Да, Александр мог понять эту похожую на страсть любовь к голубям, но злобное отчаяние Логачева, его слезы, его рыдания потерявшего над собою волю человека все-таки раздражали его как слабость, как мужская истерика; это дикое состояние Логачева хотелось оправдать его контузией, выплески которой были замечены и в пивной Ираиды, и на вечере у Людмилы.
Во всем деревянном домике, в глубине двора на Малой Татарской, где жил Кирюшкин, было тихо, ни звука не доносилось с улицы.

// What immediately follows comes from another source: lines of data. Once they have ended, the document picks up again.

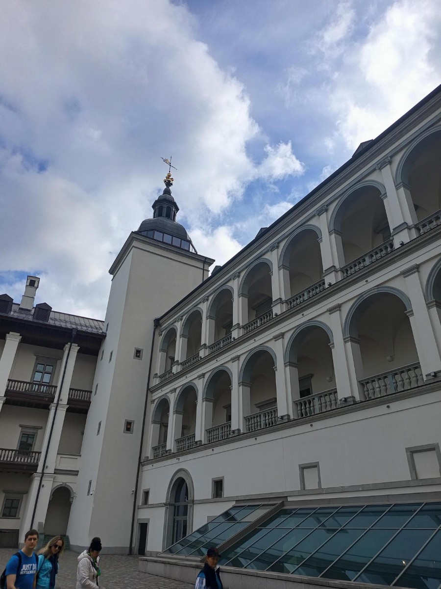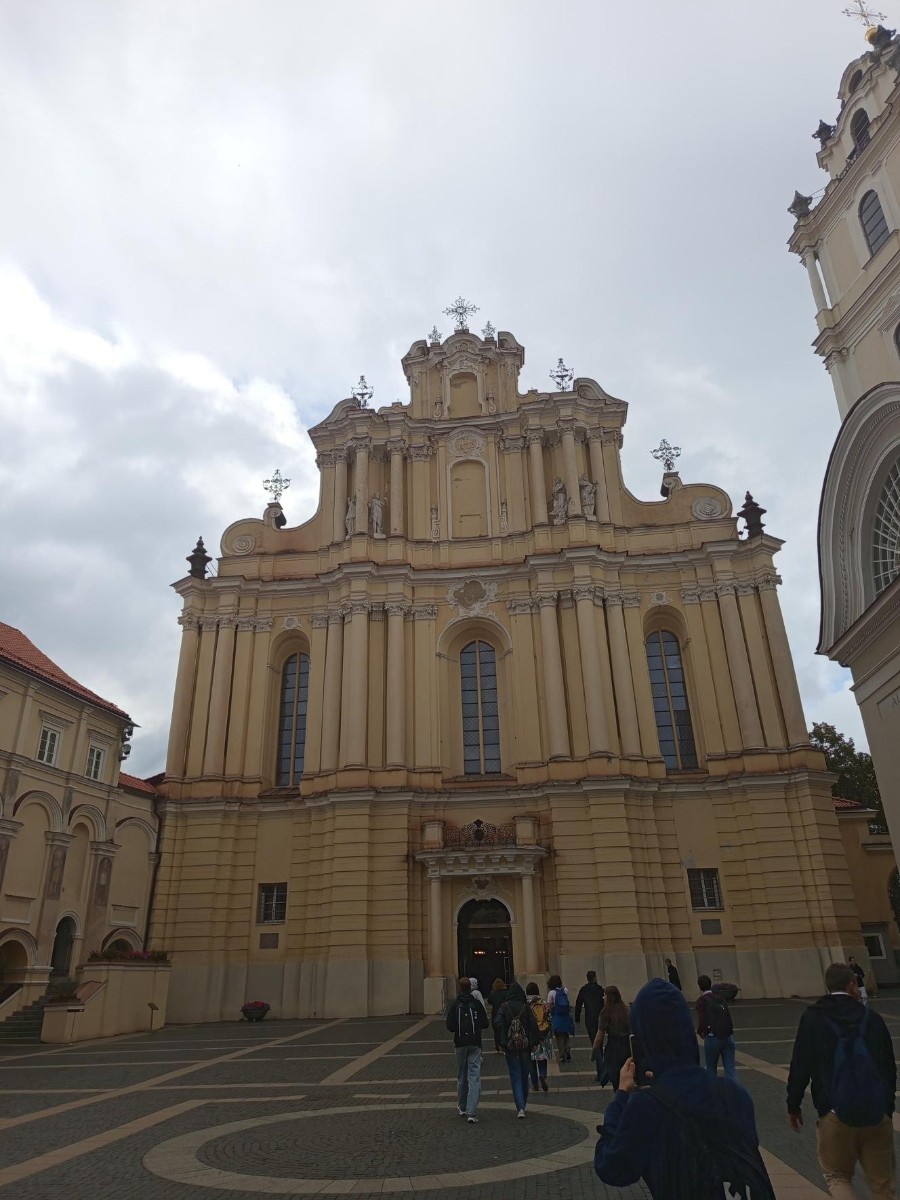 Kolejny dzień rozpoczęłyśmy wizytą w Domu Kultury Polskiej w Wilnie, gdzie odbyło się uroczyste wręczenie dyplomów i nagród dla laureatów oraz ich opiekunów. Po krótkiej przerwie wszyscy rozpoczęliśmy intensywne zwiedzanie Wilna – stolicy Litwy. Odwiedziliśmy m.in. kościół św. Piotra i Pawła, weszliśmy na Górę Zamkową z widokiem na miasto oraz zwiedziliśmy teren Uniwersytetu Wileńskiego.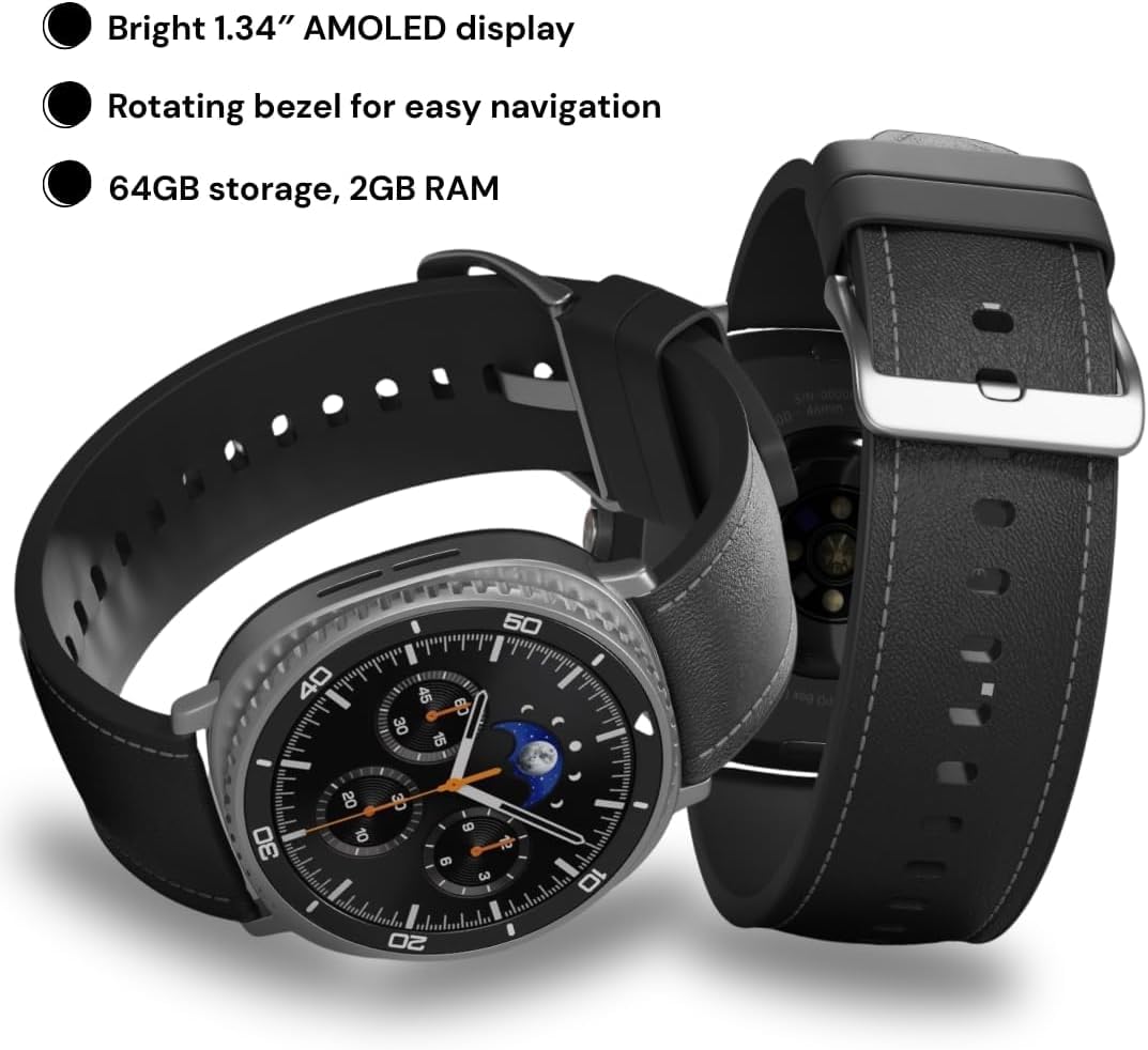 • Elegant Classic Design with Rotating Bezel & Cushion Aesthetic — Featuring a refined 46 mm squircle-style stainless steel body, tactile rotating bezel, Quick Button, and a sapphire-protected Super AMOLED display that reaches up to 3,000 nits for superb outdoor visibility.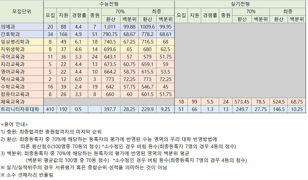 작년 입결을 보면, 트리니티자유대학은 미달이었습니다.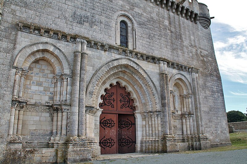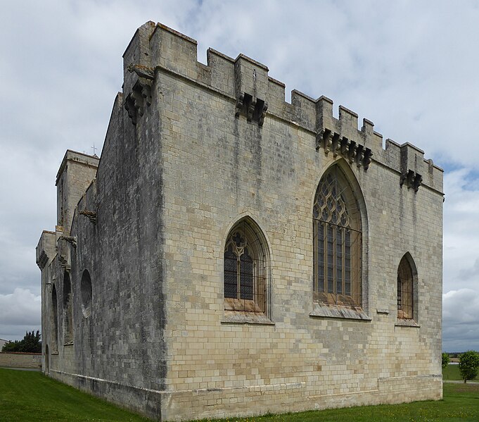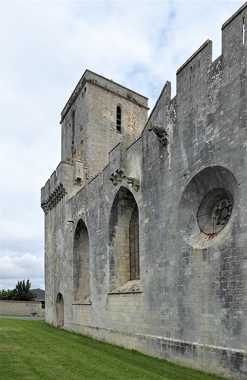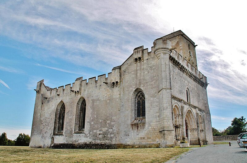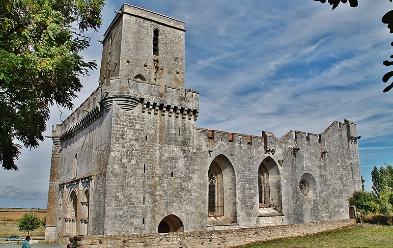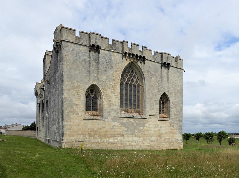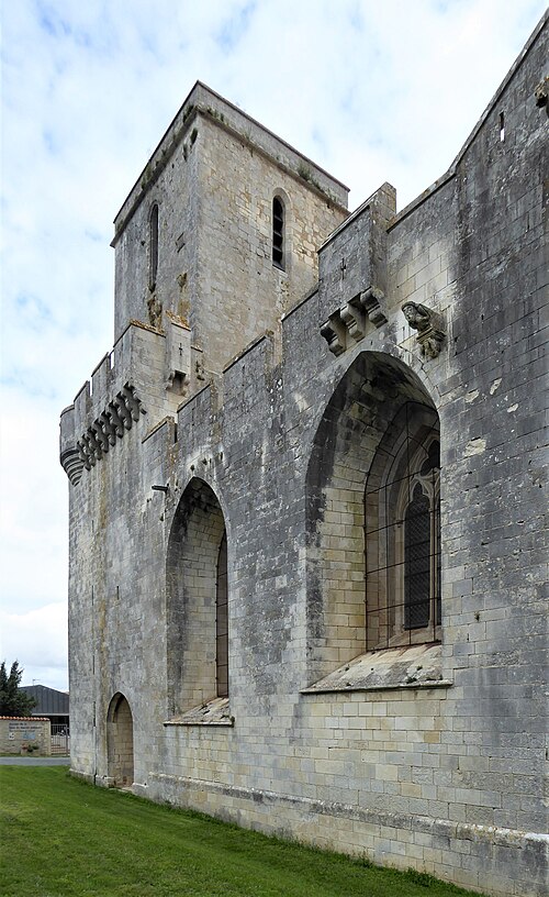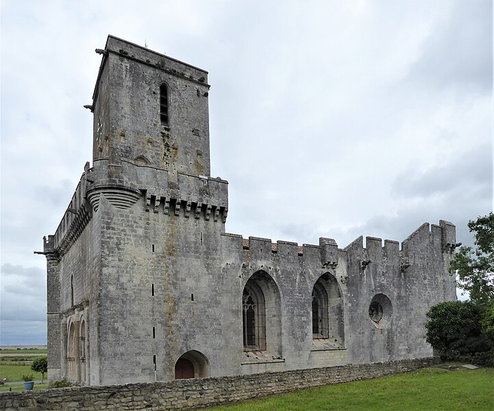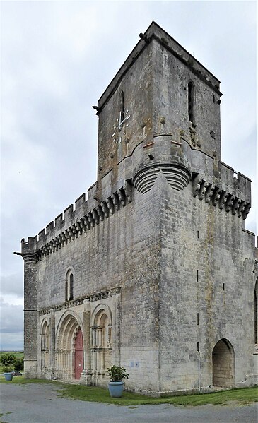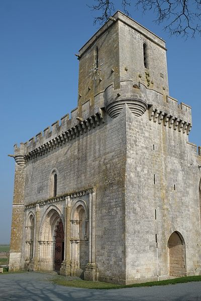 L'église Saint-Martin d'Esnandes, située en Charente-Maritime, est classée monument historique depuis 1840. Son origine est ancienne : une première mention figure dans le cartulaire de l'abbaye Saint-Cyprien de Poitiers et le prieuré dépendait dès 1029 de l'abbaye de Saint-Jean-d'Angély. L'édifice a été édifié aux XIIe et XIIIe siècles ; de l'église romane subsiste notamment la base de la façade et un portail sculpté. Reconstruite au XIVe siècle, l'église reçoit à la fin de ce siècle un dispositif défensif important qui lui confère l'allure d'une forteresse. Pour la protéger on a doublé, parfois triplé, l'épaisseur des murs, obstrué la plupart des baies, ajouté une enveloppe extérieure, creusé un fossé et élevé un chemin de ronde avec créneaux, mâchicoulis et une poterne. Les murs ainsi renforcés atteignent une largeur comprise entre 1,85 et 3 mètres. Sa situation côtière et les épisodes de conflit — descentes de corsaires, guerre de Cent Ans et guerres de Religion — expliquent ces aménagements et les dommages subis au fil du temps. En 1622, considérée comme place forte catholique, l'église fit l'objet d'un ordre de destruction émanant du Conseil de la Ville de La Rochelle, mais la démolition resta partielle. La reconstruction et les campagnes de restauration se déroulent ensuite entre 1629 et 1740 : des dates portées témoignent de travaux sur les piliers du chœur (1629, 1630, 1632), sur le clocher (1633) et sur la façade nord (1740), tandis que le chœur et une partie de la nef furent revoûtés en 1706. Des réparations et projets d'architectes se poursuivent aux XIXe et XIXe–XXe siècles : réparations autorisées en 1820, plans en 1845 par l'architecte Clerget, travaux en 1864 sur les plans de l'architecte départemental Brossard, repavage par les entrepreneurs Denis Graugeaud et Brard, interventions sur le clocher et la façade par l'entrepreneur Jamot en 1867 et 1872, restauration de vitraux en 1873‑1874 par Mongis, puis direction des restaurations dès 1880 par les architectes A. Ballu et Lisch avec les entrepreneurs Eugène Héraud et Joseph Philippon et le sculpteur Eugène Legrain. La couverture de l'église a fait l'objet d'une restauration en 1996. L'édifice présente un caractère gothique sobre et conserve un mobilier classé du XVIIIe siècle, notamment une chaire datée de 1775. Un cartouche indique la reconstruction du clocher en 1633, dont la charpente est réalisée en bois d'épaves. Du chemin de ronde, aménagé au cours des aménagements défensifs, la vue porte sur la baie de l'Aiguillon, le marais et le village environnant, offrant une lecture à la fois historique et paysagère de l'édifice.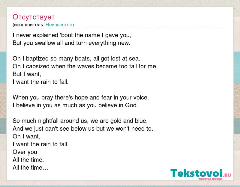 I never explained 'bout the name I gave you, But you swallow all and turn everything new. Oh I baptized so many boats, all got lost at sea. Oh I capsized when the waves became too tall for me. But I want, I want the rain to fall. When you pray there's hope and fear in your voice. I believe in you as much as you believe in God. So much nightfall around us, we are gold and blue, And we just can't see below us but we won't need to. Oh I want, I want the rain to fall… Over you All the time. All the time…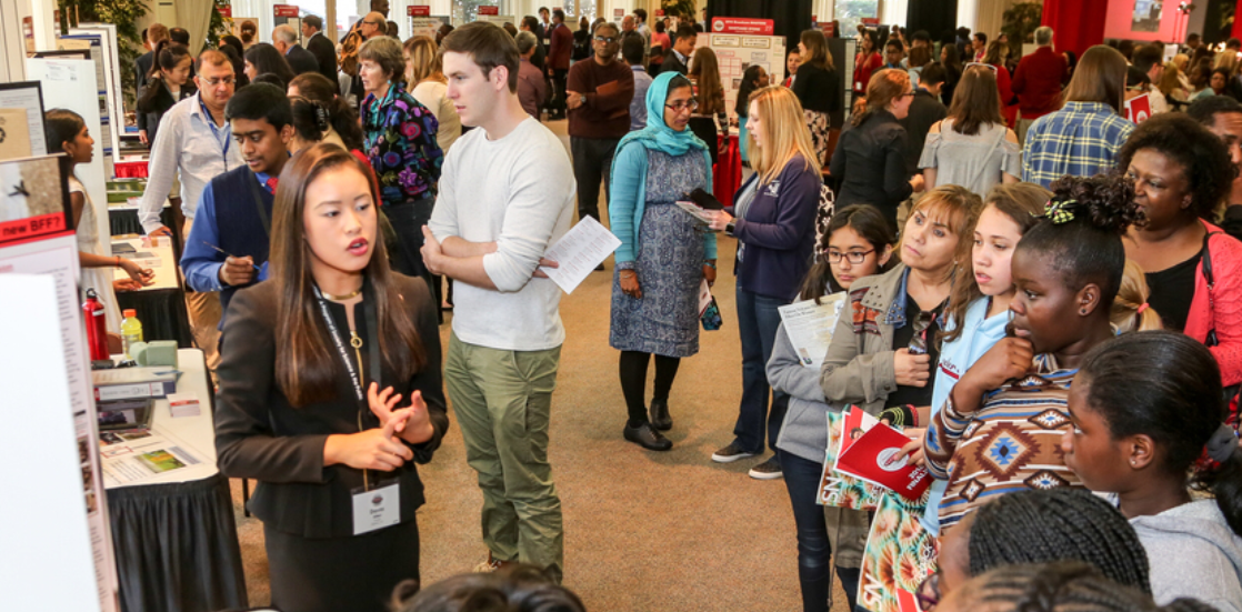 Para peserta memamerkan hasil penelitian mereka pada ajang Intel International Science and Engineering Fair (ISEF) 2018, Sumber:findafair.societyforscience.org
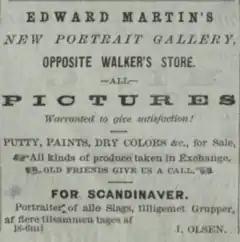 As he began his career as a photographer,[1][2][9] he also participated in various other economic activities such as selling fruit and groceries.[1] He advertised the opening of his new photography galley in July 1865.[1][6][7][9][14] The gallery was located opposite of the Walker's Store, on the west side of East temple between first and second south in Salt Lake City.[1][14] He focused primarily on portrait photography, which were printed on Cartes de visite, which were approximately the size of a business card.[1][6] He also sold other items such as fruit, confectionery, and groceries at his store.[6] He took several prominently known photographs of the new tabernacle, including a series of panoramic views of the Salt Lake Valley from the top of the tabernacle in 1867.[1] By early 1874, advertisements for his photography business largely disappeared from local newspapers and city directories,[1][6] likely due to competition from other prominent photographers in the region.[1]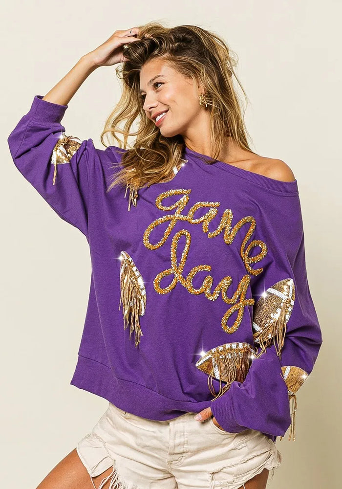 BiBi Sequin Football Patches Game Day Sweatshirt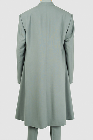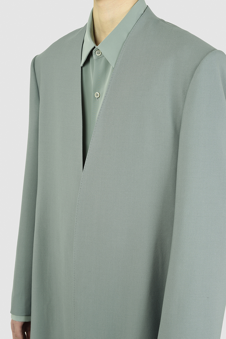 上品な光沢としなやかな風合いを持つウールギャバ素材を使用したロング丈のカラーレスジャケット。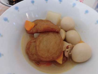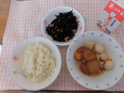 今日のきゅう食はひらてんとこんにゃくのにつけでした。見た目はひら天のちゃいろにんじんのオレンジお肉の白色などいろんな色がありました。にんじんがやわらかかったです。あじはやさしいあじでした。(2年生)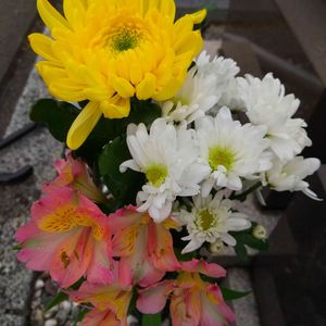 こんにちは😊 今日は祖父の月命日と新年の挨拶がてら お墓参りに行ってきました🪦 仏花は菊とアルストロメリア💐 色が少ない冬なので 華やかな色合いで決めました✨ 実はこれを買ったお花屋さん、 日曜日で閉店との貼り紙が🏷️ スーパーの隣にある花屋さんが 次々なくなっていくので寂しいです😥 今日も1日元気に過ごせますように🍎

Все молчали, сидя за столом в небольшой комнате с плотно зашторенными окнами, уютной от кафельной голландки в углу, тесной от двух старинных книжных шкафов, поблескивающих сквозь стекла корешками книг, что удивило Александра, хотя уже известно ему было от Кирюшкина, что отец его, умерший перед самой войной, преподавал математику в институте, мать с сестрой в сорок первом году, когда начались бомбежки, эвакуировалась в Оренбург, там вышла замуж, свободную их однокомнатную квартиру заселили многосемейные соседи, живущие в другой половине дома. Однако занятую жилплощадь соседи безропотно освободили, как только появился Кирюшкин, демобилизованный после госпиталя, в чисто выстиранной гимнастерке, высокий, сияющий начищенными орденами, с левой рукой на перевязи и сказал твердо: «Скандалов не люблю. Квартира моя. Спасибо за сохраненную мебель. Три часа на переселение. Останемся добрыми соседями».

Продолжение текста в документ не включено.